The Gear VR app has it's own built in app store. It's kind of like a mini OS.

You still have to installed Facebook & Messenger App through the Play Store.

------
gcb0
wow, this is more like a paid infomercial than a wired article about apple
products.

------
megablast
Thicker device, less megapixels on the camera, a risky move for Samsung.

And this is more a S6s than a new device.

------
emilsedgh
I few months ago I lost my 3 years old HTC One, so I had to get a new phone.

For the first time I decided to get an iPhone. So I got a 6s.

Worst mobile phone I've ever had.

The battery life is terrible. Now I understand why people have 'Power banks'
with them all the time.

The phone also dies with 40% battery! I turn it on, it shows a splash screen
meaning low battery, turns on, shows 40% battery, then dies after a moment
again.Funny thing is that I try restarting it several times and at some point
it starts working for hours (which means it actually does have 40% battery and
its not a calibration issue).

The user interface (which it was supposed to shine at) is just bad. I can
never find items I'm looking for. I had to read an article to find out how I'm
supposed to turn on the Hotspot feature (And it actually seemed like editing
xorg file!)

Viber/Skype start ringing and I cannot respond immediately, as the ringing
dialog doesnt even show up until I do to the application.

ios has only a few keyboard layouts and misses my language (Farsi) and I have
to rely on third party keyboards to type and third party keyboards are so
unstable. Sometimes the keyboard just doesnt show up until I close/open the
application.

My GPRS just started working when I inserted the SIM card to my HTC phone. On
ios? I had to configure it manually!

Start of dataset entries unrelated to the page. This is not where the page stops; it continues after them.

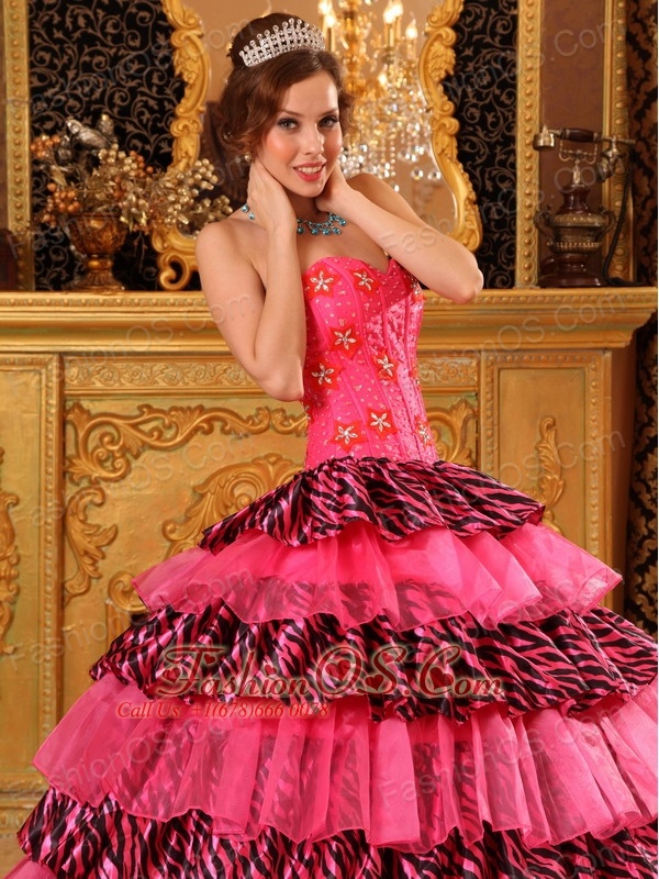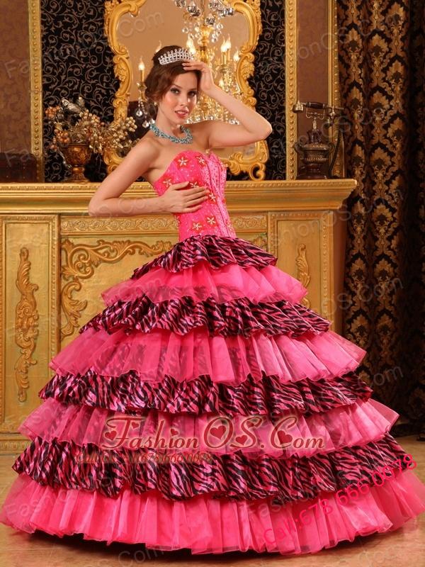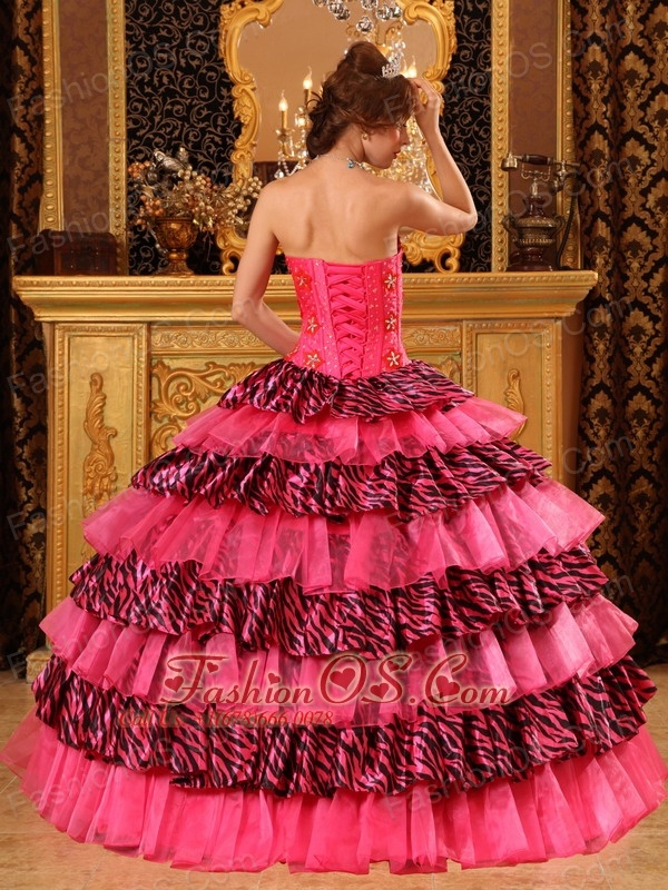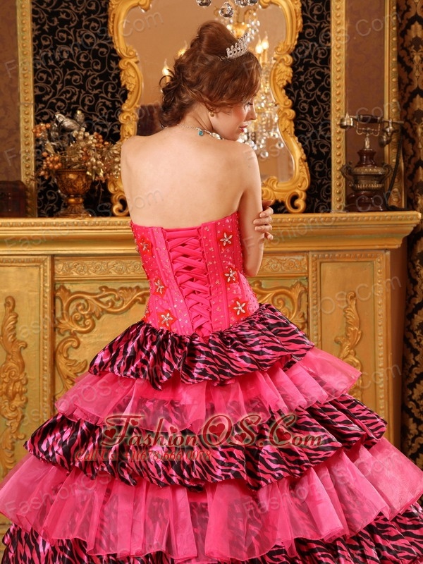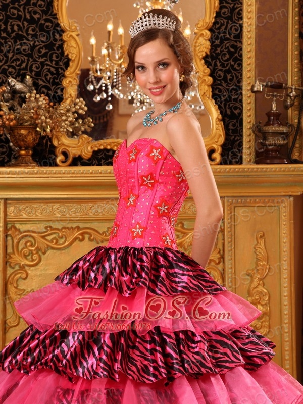 Beautiful Hot Pink Quinceanera Dress Ball Gown Sweetheart Organza and Zebra Beading
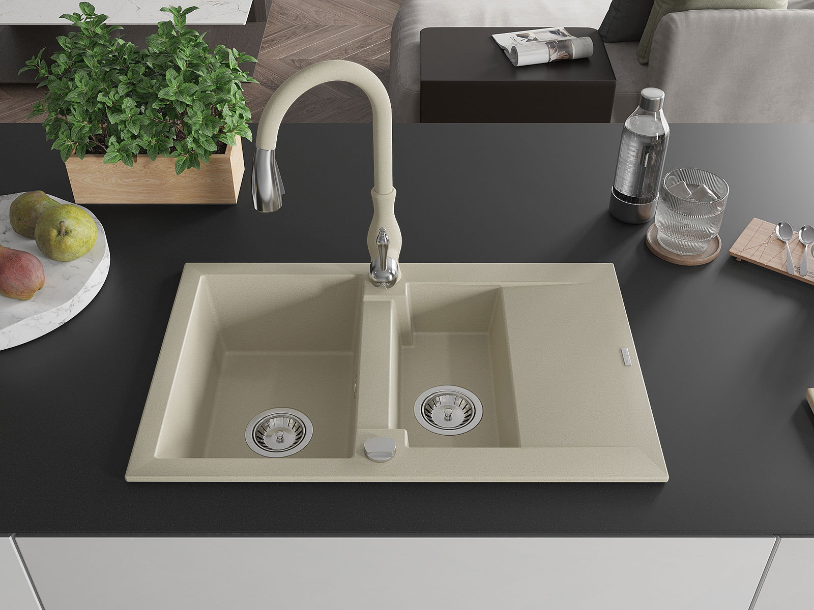 Mexen Gaspar évier en granit 1,5 bac avec égouttoir et robinet de cuisine Savita, beige - 6507-69-672601-69
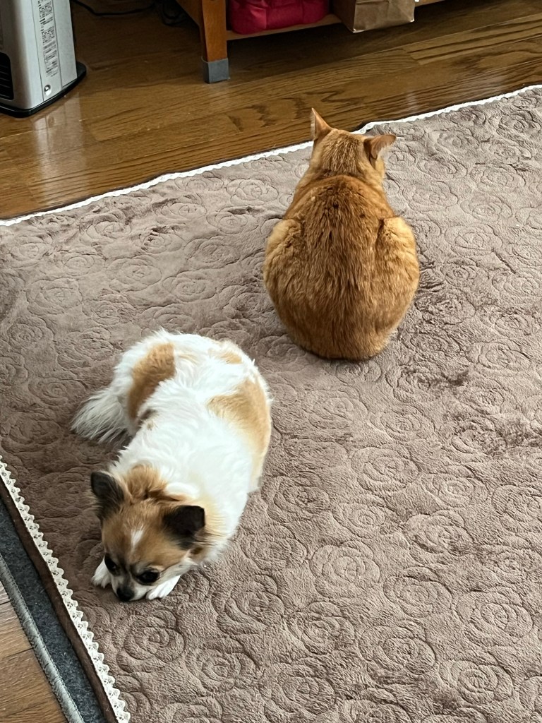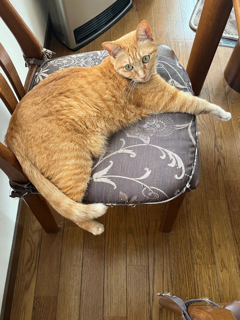 それから、チコはいっつもパパの椅子でくつろぐやろ?あかんで。パパが座られへんやんか。

Again, felt like Linux +10 years ago!

I know this is totally off-topic to this thread but I had to say this rant.
iPhone is only a fashion item. Its nowhere as usable as Android.

If you want a phone that just works do yourself a favor and give a decent
flagship Android phone a try. You'd be surprised.

(And I'm not a fanboy of Google/Android, I wish we had a FOSS OS with an open
ecosystem, but Android just works, unlike ios)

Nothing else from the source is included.